Vertical jump training: definition of isometrics

Isometrics are mentioned in various vertical jumping programs as a way to build your muscular power. In this article you will learn what exactly they are and how some trainers recommend them to develop your jumping ability. Ultimately though, I cannot recommend isometrics over resistance training, due to the inability of isometric training to really overload the muscles.

Isometric Definition

Isometrics are static contractions: muscle contractions where the muscle contracts without actually moving. An isometric contraction occurs any time you hold a weight in a set position, known as an isometric performance contraction, or push/pull against an immovable entity, called an overcoming isometric contraction.

An isometric contraction will occur with each vertical jump. For the most part, this only happens for a fraction of a second from when you switch from descending to exploding. That fleeting moment when you’re not moving up or down is an isometric contraction.

Isometrics in Vertical Jump Training

At first glance, completing a static contraction seems counterproductive to advancing jumping ability, when you consider that a vertical jump is a movement, after all, not a hold. But since many vertical jump programs recommend isometrics, let’s take a closer look.

The vertical jump is an expression of muscular power. Our vertical jump formula is force (strength) times velocity (velocity) equals explosion. Strength is determined by both the size and the number of muscle fibers recruited.

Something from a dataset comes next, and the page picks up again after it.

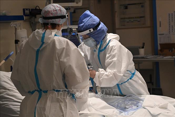 Nhân viên y tế điều trị cho bệnh nhân nhiễm COVID-19 tại bệnh viện ở Bologna, Italy, ngày 3/12/2021. Ảnh: THX/TTXVN
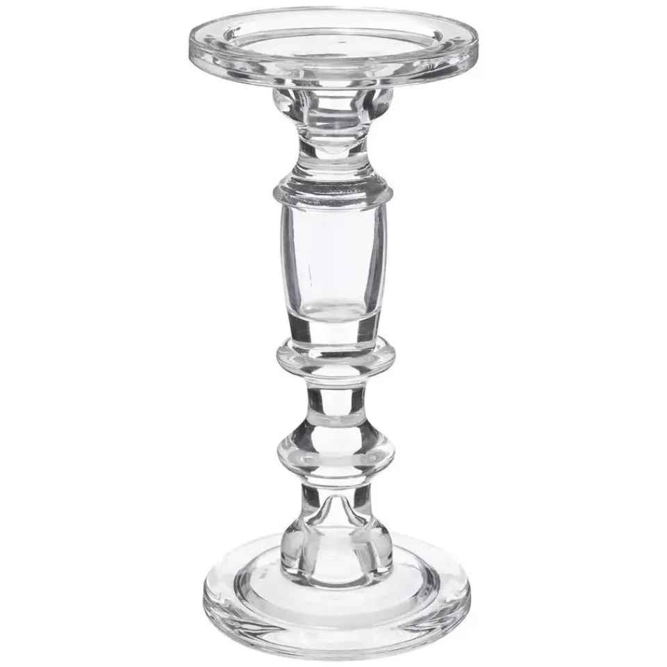 Kaarsen kandelaar Decoglass van decoratief luxe gevormd glas. Deze kandelaar is geschikt voor stompkaarsen. Kleur: transparant. De afmetingen zijn: D11 x H24 cm. Geschikt voor stompkaarsen met een dikte van 8 cm en kleiner. Merk: Atmosphera. Prachtige hoog model kandelaars op stevige voet, geschikt voor bijna alle interieur stijlen.

Isometric training, it is postulated, is a must-have way to get your muscles to recruit more fibers. To statically hold or maximally contract against a heavy or immovable weight, your body begins to fire up and recruit more fibers to maintain that grip or intensity. This means that your contractions would start to become more neurologically efficient; Unfortunately, this doesn’t carry over to your vertical jump training, because you won’t be able to overload your muscles.